Now, what you have to know about each of these concert memories is that yes, the music was memorable. But each memory is also associated with the person with whom I shared that music. Obviously I could go on and on.
8) How do you feel about speaking in front of groups?
They say that speaking in front of a group is the most common fear among adults.
Always a talker, my own stance has been, “Go ahead. Give me a hundred people and a topic.”
I dare say, I could do it.
9) How old is the oldest person you ever met? Who was that?
I believe that person, today, is my mom.
She wouldn’t want me to divulge her age, but let’s just say she is “retired.”
In the span of her life she has seen events that made history: the rise of transportation, communications, and the dawn of the information age. She has lived through times of war and peace…and war again.
Her perspective and wisdom are invaluable to me; she has keen insight into human nature and is usually right. She keeps an eagle eye on political events. She reads the newspapers daily. She seeks out learning, and carefully budgets her days so that there is enough time to do the things she loves most.
She is generous. She is an encourager. She is genuinely interested in others. She draws people to her, and always has.
She lives her life with the kind of quiet dignity that I can only dream of having. (See above, as I work on that listening thing.)
10) Who’s your favorite comedian or comic actor?
Comedy is difficult to pull off. My favorites are the classics, from the days when comedy didn’t rely so heavily on how many times “that word” could be worked into a monologue.

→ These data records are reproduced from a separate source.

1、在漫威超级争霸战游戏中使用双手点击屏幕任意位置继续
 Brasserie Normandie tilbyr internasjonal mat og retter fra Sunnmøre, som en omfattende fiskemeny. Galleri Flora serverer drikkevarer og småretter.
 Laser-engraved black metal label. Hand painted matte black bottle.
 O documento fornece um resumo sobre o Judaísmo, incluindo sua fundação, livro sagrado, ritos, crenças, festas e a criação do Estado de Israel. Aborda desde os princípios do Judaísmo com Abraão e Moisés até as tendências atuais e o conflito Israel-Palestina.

The best of my lifetime: Lucille Ball
The best currently living: Carol Burnett and Bill Cosby
One I wish I could see more of: David Hyde Pierce
11) Do you own a functioning record player?
Nope. But I did hold on to the core of my LP collection for many years, eventually passing the best of these on to my son Bryce. There is a comfort knowing that he has, and that he values, The Concert for Bangladesh, Goodbye Yellow Brick Road, and Teaser and the Firecat.

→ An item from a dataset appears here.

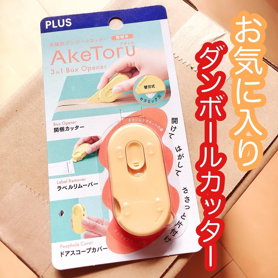 * * 多機能開梱用ダンボールカッター うちの子供達は荷物が届くと興味津々! 中が何であろうと、近くに寄って来て覗き込む😂 子供が近くにいる時カッターやハサミを使う のって怖いよね😱 だから最近『アケトル』を使ってます! 開梱式でセラミック刃で段ボールの厚さに 合わせて刃の高さを短く固定している のでなんだか安心感😊 軽くて小さくて持ちやすい上 しっかり切れ味で明るいイエローカラーも お気に入りです❣️ 刃が短いから荷物の中身を傷つけにくく ラベルやシールの端をめくりやすくするた め ラベルリムーバーも備えていて 爪も傷つかなくて済むよね🥰 冷蔵庫や玄関ドアにマグネットで 貼り付けて保管できるから 子供の手の届かない場所に保管できて良き◎ #PR #プラスステーショナリー #開梱カッター #アケトル #プラス #monipla #psc_fan
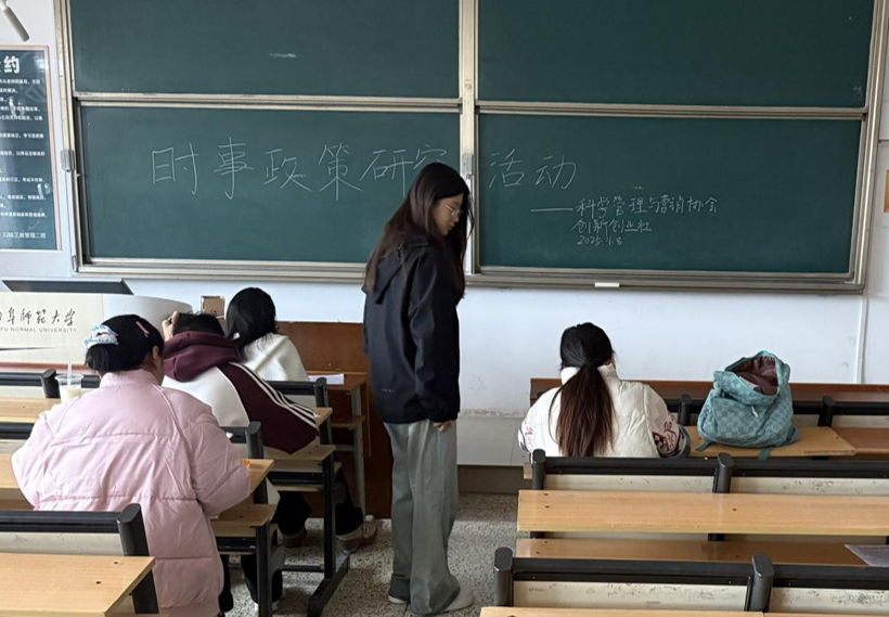 浏览量: 更新日期:2025-11-13(通讯员:张冉冉 郎桂宇 摄影:张冉冉 郎桂宇)为深化同学们对时事政策的理解,提升理论应用的能力,澳博娱乐 科学管理与营销协会联合创新创业社于11月8日在JC108教室举办时事政策学习活动。

He, by the way, does own a turntable.
Phase III: Pose 11 questions of your own for others to answer.
Feel free to take these on and reply via comment, FB note or message, or e mail.
1. What is your favorite photograph of yourself? When and where was it taken?
2. What is your greatest artistic or musical talent?
3. Are you thrifty, or does money burn a hole in your pocket?
4. What is the last new thing you learned?
5. What are three songs that you count among your lifetime favorites?
6. Do you wear lipstick? Any special color or brand?
7. Tell us about your favorite pair of shoes.
8. Are you afraid of heights?
9. Is your closet neat, or more like an episode of Hoarders lurking behind that door?
10. What is your guilty pleasure?
11. Are you a Rosie O’Donnell fan?
Feeling much better now that I’ve done it right!